FakET: Simulating Cryo-Electron Tomograms with Neural Style Transfer
- URL: http://arxiv.org/abs/2304.02011v4
- Date: Wed, 19 Feb 2025 14:34:59 GMT
- Title: FakET: Simulating Cryo-Electron Tomograms with Neural Style Transfer
- Authors: Pavol Harar, Lukas Herrmann, Philipp Grohs, David Haselbach,
- Abstract summary: We introduce FakET, capable of simulating the forward operator of any cryo transmission electron microscope.<n>It can be used to adapt a synthetic training data set according to reference data producing high-quality simulated micrographs or tilt-series.<n>Remarkably, our technique matches the performance, boosts data generation speed 750 times, uses 33 times less memory, and scales well to typical transmission electron microscope detector sizes.
- Score: 4.0998481751764
- License: http://arxiv.org/licenses/nonexclusive-distrib/1.0/
- Abstract: In cryo-electron microscopy, accurate particle localization and classification are imperative.
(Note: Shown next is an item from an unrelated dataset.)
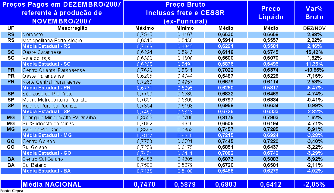 Em outubro e novembro, segundo dados do Centro, a redução de preços havia sido na ordem de 5 centavos por litro frente ao mês anterior. Em relação a dezembro de 2006, houve uma valorização de cerca de 37% no preço médio pago ao produtor.

Recent deep learning solutions, though successful, require extensive training data sets. The protracted generation time of physics-based models, often employed to produce these data sets, limits their broad applicability. We introduce FakET, a method based on Neural Style Transfer, capable of simulating the forward operator of any cryo transmission electron microscope. It can be used to adapt a synthetic training data set according to reference data producing high-quality simulated micrographs or tilt-series. To assess the quality of our generated data, we used it to train a state-of-the-art localization and classification architecture and compared its performance with a counterpart trained on benchmark data. Remarkably, our technique matches the performance, boosts data generation speed 750 times, uses 33 times less memory, and scales well to typical transmission electron microscope detector sizes. It leverages GPU acceleration and parallel processing. The source code is available at https://github.com/paloha/faket.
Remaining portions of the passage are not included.